[Work instruction]: Please repeat the lines below, exactly and only, from the one that holds "The Grove Resort" through the one that holds "- /users → tabel".

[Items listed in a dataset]
■ ■ ■
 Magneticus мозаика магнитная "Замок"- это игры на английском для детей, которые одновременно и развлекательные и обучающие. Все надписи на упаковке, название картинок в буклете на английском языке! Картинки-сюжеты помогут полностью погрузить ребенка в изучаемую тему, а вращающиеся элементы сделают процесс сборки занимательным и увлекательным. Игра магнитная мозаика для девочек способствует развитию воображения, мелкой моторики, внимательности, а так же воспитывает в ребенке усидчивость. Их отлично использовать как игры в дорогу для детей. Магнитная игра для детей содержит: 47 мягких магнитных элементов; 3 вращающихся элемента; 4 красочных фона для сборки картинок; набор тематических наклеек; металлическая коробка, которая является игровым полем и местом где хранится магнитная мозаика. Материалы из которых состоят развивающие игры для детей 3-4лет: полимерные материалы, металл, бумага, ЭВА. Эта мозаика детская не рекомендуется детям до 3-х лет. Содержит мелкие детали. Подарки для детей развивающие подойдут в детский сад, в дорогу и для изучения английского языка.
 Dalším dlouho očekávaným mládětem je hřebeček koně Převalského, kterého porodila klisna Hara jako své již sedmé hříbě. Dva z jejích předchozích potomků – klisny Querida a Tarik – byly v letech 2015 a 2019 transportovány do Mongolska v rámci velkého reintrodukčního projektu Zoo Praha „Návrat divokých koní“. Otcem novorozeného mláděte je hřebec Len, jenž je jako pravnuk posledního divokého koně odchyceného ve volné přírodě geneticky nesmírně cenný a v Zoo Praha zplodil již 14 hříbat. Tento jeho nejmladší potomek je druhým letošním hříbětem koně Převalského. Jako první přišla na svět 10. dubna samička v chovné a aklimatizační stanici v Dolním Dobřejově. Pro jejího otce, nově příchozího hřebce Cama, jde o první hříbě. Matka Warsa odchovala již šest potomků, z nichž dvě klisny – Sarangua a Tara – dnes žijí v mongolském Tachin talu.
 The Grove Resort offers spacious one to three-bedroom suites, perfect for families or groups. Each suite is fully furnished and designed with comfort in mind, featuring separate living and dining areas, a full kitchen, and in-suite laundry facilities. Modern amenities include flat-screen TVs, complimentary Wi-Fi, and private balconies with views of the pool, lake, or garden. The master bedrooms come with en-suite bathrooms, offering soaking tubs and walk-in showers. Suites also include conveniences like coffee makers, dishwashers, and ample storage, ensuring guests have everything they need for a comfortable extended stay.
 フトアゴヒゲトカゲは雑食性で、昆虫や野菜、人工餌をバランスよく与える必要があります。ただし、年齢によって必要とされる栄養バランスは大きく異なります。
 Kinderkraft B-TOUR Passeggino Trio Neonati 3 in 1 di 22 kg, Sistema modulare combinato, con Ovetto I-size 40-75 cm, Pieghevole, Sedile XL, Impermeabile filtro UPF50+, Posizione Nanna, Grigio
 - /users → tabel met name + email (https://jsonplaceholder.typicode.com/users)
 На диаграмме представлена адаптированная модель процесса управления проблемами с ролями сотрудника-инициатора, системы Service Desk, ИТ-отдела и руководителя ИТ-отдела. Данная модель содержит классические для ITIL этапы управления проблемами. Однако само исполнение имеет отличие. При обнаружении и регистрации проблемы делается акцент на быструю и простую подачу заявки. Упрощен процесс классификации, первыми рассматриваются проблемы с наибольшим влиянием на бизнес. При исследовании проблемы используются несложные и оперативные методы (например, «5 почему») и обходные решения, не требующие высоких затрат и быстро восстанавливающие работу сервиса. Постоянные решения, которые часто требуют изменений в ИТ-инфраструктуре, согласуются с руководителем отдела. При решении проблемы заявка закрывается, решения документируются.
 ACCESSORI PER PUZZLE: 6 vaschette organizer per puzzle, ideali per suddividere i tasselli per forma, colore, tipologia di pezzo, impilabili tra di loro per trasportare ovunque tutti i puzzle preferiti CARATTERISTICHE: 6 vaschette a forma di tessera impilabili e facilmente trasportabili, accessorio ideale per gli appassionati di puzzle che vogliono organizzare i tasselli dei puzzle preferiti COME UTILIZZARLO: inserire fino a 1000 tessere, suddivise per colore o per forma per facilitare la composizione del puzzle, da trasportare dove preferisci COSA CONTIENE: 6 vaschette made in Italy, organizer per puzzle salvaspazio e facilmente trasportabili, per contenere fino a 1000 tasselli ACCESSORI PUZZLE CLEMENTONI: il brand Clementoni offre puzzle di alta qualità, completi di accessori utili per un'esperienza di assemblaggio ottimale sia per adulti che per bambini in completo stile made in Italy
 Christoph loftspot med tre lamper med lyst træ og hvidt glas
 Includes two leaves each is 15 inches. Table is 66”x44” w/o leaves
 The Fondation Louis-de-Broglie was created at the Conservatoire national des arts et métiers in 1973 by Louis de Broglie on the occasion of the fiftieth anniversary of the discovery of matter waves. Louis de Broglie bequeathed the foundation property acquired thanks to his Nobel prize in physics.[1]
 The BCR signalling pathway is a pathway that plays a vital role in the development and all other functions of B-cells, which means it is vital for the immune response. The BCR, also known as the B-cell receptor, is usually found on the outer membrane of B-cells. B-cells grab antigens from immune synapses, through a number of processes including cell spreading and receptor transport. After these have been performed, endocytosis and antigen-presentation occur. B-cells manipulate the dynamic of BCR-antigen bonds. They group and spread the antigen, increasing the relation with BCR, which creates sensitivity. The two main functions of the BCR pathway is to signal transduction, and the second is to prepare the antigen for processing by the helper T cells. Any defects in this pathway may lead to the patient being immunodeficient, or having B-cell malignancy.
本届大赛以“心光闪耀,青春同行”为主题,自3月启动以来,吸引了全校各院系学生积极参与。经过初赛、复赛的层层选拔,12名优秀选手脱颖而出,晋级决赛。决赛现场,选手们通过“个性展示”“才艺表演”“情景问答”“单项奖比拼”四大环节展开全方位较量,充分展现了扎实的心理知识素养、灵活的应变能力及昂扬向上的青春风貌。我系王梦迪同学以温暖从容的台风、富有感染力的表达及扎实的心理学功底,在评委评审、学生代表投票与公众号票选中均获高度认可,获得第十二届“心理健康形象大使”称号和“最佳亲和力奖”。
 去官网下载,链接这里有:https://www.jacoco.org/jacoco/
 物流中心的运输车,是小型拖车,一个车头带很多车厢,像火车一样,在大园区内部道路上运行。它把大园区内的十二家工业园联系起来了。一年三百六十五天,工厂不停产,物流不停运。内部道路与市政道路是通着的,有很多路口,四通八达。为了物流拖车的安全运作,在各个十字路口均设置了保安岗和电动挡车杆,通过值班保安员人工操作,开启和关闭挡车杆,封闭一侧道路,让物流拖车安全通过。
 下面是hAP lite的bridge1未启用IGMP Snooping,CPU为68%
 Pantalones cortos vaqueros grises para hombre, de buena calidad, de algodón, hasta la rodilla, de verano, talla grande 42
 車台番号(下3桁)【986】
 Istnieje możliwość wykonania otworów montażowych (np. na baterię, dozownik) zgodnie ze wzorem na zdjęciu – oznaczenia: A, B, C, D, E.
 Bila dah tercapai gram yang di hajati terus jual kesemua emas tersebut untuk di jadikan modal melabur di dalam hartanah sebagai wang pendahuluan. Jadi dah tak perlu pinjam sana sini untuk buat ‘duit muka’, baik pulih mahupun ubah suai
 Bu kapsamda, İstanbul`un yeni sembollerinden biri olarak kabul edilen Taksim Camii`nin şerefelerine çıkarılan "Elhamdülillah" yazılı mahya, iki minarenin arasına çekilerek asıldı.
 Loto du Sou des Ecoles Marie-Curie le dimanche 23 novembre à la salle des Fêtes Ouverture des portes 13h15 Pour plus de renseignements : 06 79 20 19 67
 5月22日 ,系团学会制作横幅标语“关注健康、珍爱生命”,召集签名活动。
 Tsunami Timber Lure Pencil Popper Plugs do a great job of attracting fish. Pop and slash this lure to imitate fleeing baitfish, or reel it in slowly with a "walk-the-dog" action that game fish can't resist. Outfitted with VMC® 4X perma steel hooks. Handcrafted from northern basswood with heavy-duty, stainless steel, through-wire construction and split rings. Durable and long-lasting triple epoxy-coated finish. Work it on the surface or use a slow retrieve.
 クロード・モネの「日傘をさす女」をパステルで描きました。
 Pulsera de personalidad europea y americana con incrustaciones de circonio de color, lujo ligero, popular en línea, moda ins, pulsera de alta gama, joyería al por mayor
■ ■ ■
[The answer]:
 The Grove Resort offers spacious one to three-bedroom suites, perfect for families or groups. Each suite is fully furnished and designed with comfort in mind, featuring separate living and dining areas, a full kitchen, and in-suite laundry facilities. Modern amenities include flat-screen TVs, complimentary Wi-Fi, and private balconies with views of the pool, lake, or garden. The master bedrooms come with en-suite bathrooms, offering soaking tubs and walk-in showers. Suites also include conveniences like coffee makers, dishwashers, and ample storage, ensuring guests have everything they need for a comfortable extended stay.
 フトアゴヒゲトカゲは雑食性で、昆虫や野菜、人工餌をバランスよく与える必要があります。ただし、年齢によって必要とされる栄養バランスは大きく異なります。
 Kinderkraft B-TOUR Passeggino Trio Neonati 3 in 1 di 22 kg, Sistema modulare combinato, con Ovetto I-size 40-75 cm, Pieghevole, Sedile XL, Impermeabile filtro UPF50+, Posizione Nanna, Grigio
 - /users → tabel met name + email (https://jsonplaceholder.typicode.com/users)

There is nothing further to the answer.